Learning to Detect Baked Goods with Limited Supervision

Monitoring leftover products provides valuable insights that can be used to optimize future production. This is especially important for German bakeries because freshly baked goods have a very short shelf life. Automating this process can reduce labor costs, improve accuracy, and streamline operations. We propose automating this process using an object detection model to identify baked goods from images. However, the large diversity of German baked goods makes fully supervised training prohibitively expensive and limits scalability. Although open-vocabulary detectors (e.g., OWLv2, Grounding DINO) offer lexibility, we demonstrate that they are insufficient for our task. While motivated by bakeries, our work addresses the broader challenges of deploying computer vision in industries, where tasks are specialized and annotated datasets are scarce. We compile dataset splits with varying supervision levels, covering 19 classes of baked goods. We propose two training workflows to train an object detection model with limited supervision. First, we combine OWLv2 and Grounding DINO localization with image-level supervision to train the model in a weakly supervised manner. Second, we improve viewpoint robustness by fine-tuning on video frames annotated using Segment Anything 2 as a pseudo-label propagation model. Using these workflows, we train YOLOv11 for our detection task due to its favorable speed accuracy tradeoff. Relying solely on image-level supervision, the model achieves a mean Average Precision (mAP) of 0.91. Finetuning with pseudo-labels raises model performance by 19.3% under non-ideal deployment conditions. Combining these workflows trains a model that surpasses our fully-supervised baseline model under non-ideal deployment conditions, despite relying only on image-level supervision.

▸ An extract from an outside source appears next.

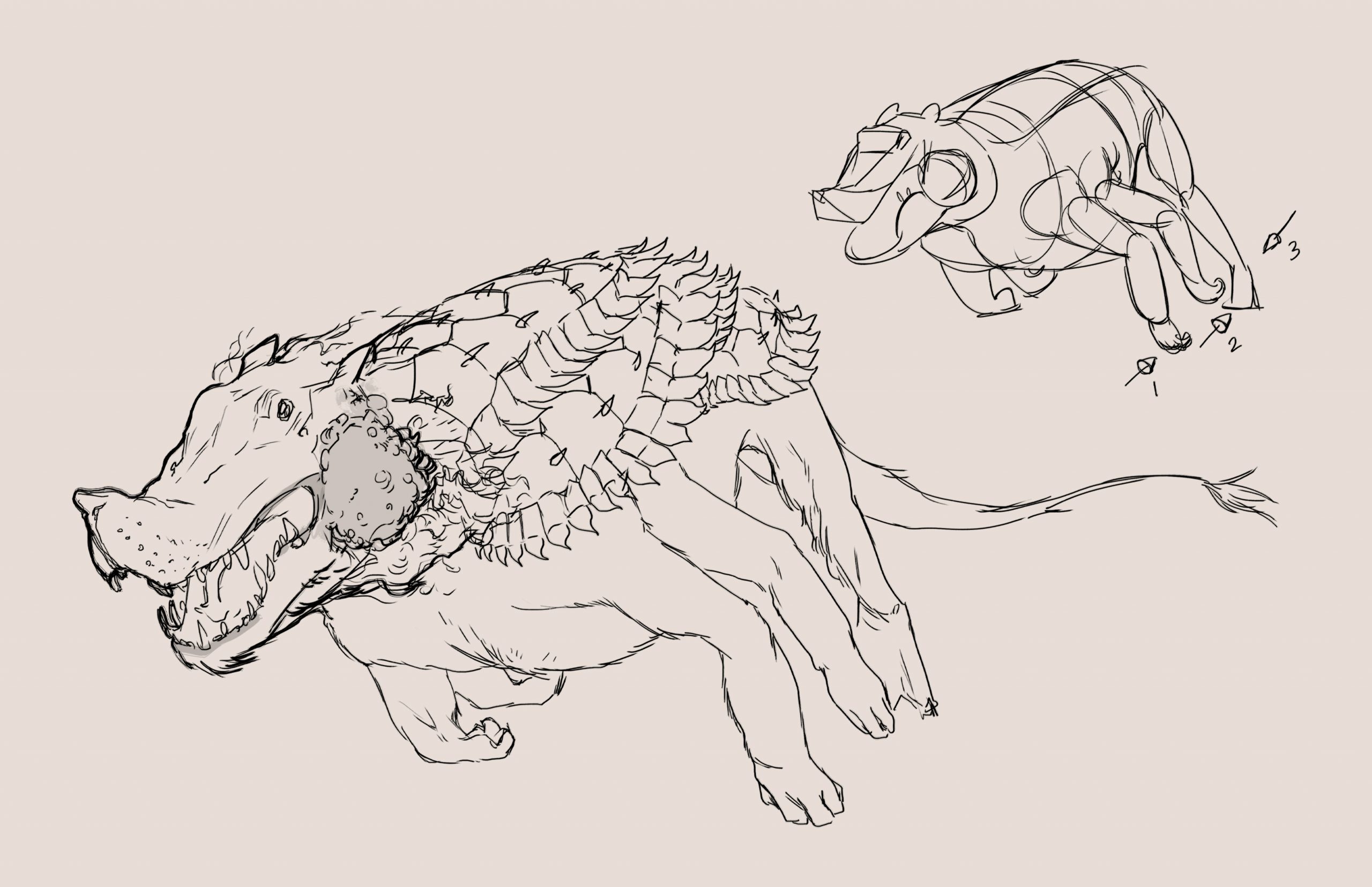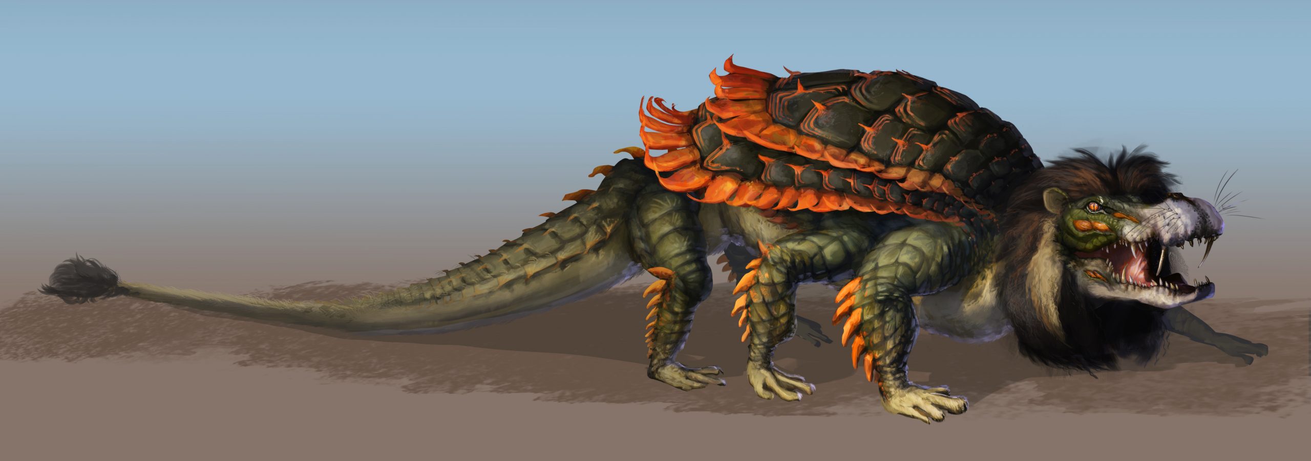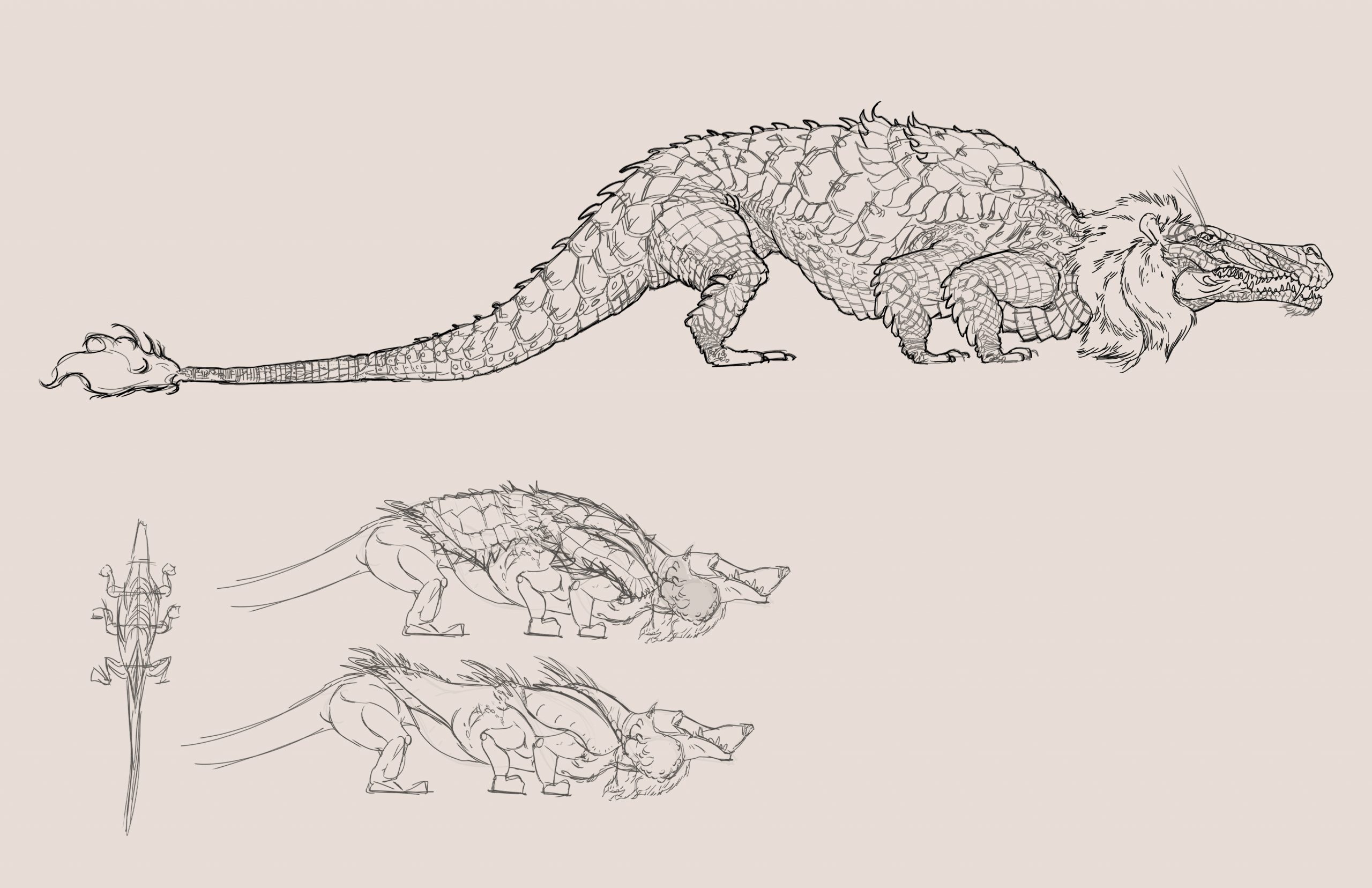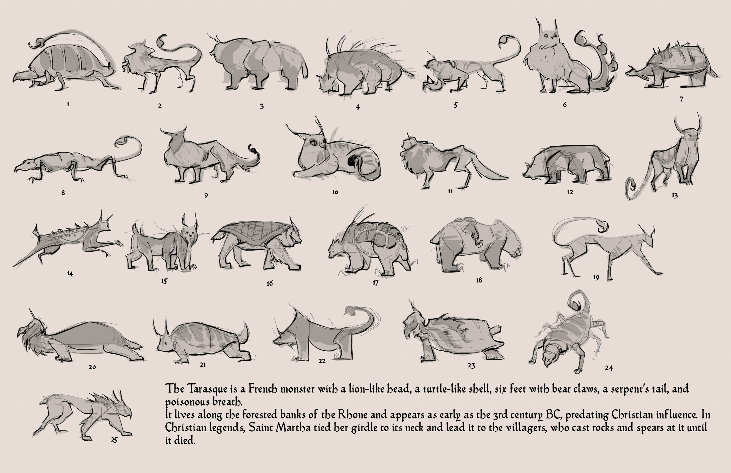 The tarasque presented the unique challenge of combining many different (and conflicting) biological features into a cohesive design. A creature of French legend, the tarasque was said to be a cross-breed from the Leviathan, the biblical sea serpent, and the Onachus, which was a scaly, bison-like beast. The 12th century Pseudo-Marcella describes the tarasque as a half-animal, half-fish dragon, with the face and head of a lion, sharp teeth, the mane of a horse, a turtle’s shell covered in spikes, and six feet with bear-like claws.

翻译：监控剩余产品能为优化未来生产提供宝贵洞见。这对德国烘焙业尤为重要，因为新鲜烘焙食品的保质期极短。自动化此流程可降低劳动力成本、提升准确性并简化运营。我们提出使用目标检测模型从图像中识别烘焙食品以实现自动化。然而，德国烘焙食品种类繁多，使得全监督训练成本过高且可扩展性受限。尽管开放词汇检测器（如OWLv2、Grounding DINO）提供了灵活性，但我们证明其不足以胜任本任务。本研究虽以烘焙业为出发点，但旨在解决计算机视觉在专业化任务且标注数据稀缺的工业领域部署时所面临的更广泛挑战。我们构建了具有不同监督级别的数据集划分，涵盖19类烘焙食品。我们提出两种训练流程，以有限监督训练目标检测模型。首先，我们结合OWLv2与Grounding DINO的定位能力及图像级监督，以弱监督方式训练模型。其次，通过使用Segment Anything 2作为伪标签传播模型对视频帧进行标注并微调，以提升视角鲁棒性。基于这些流程，我们选用YOLOv11进行检测任务训练，因其在速度与精度间具有良好平衡。仅依赖图像级监督时，模型平均精度均值（mAP）达0.91。在非理想部署条件下，通过伪标签微调使模型性能提升19.3%。结合两种流程训练的模型，在仅使用图像级监督的情况下，于非理想部署条件下性能超越了全监督基线模型。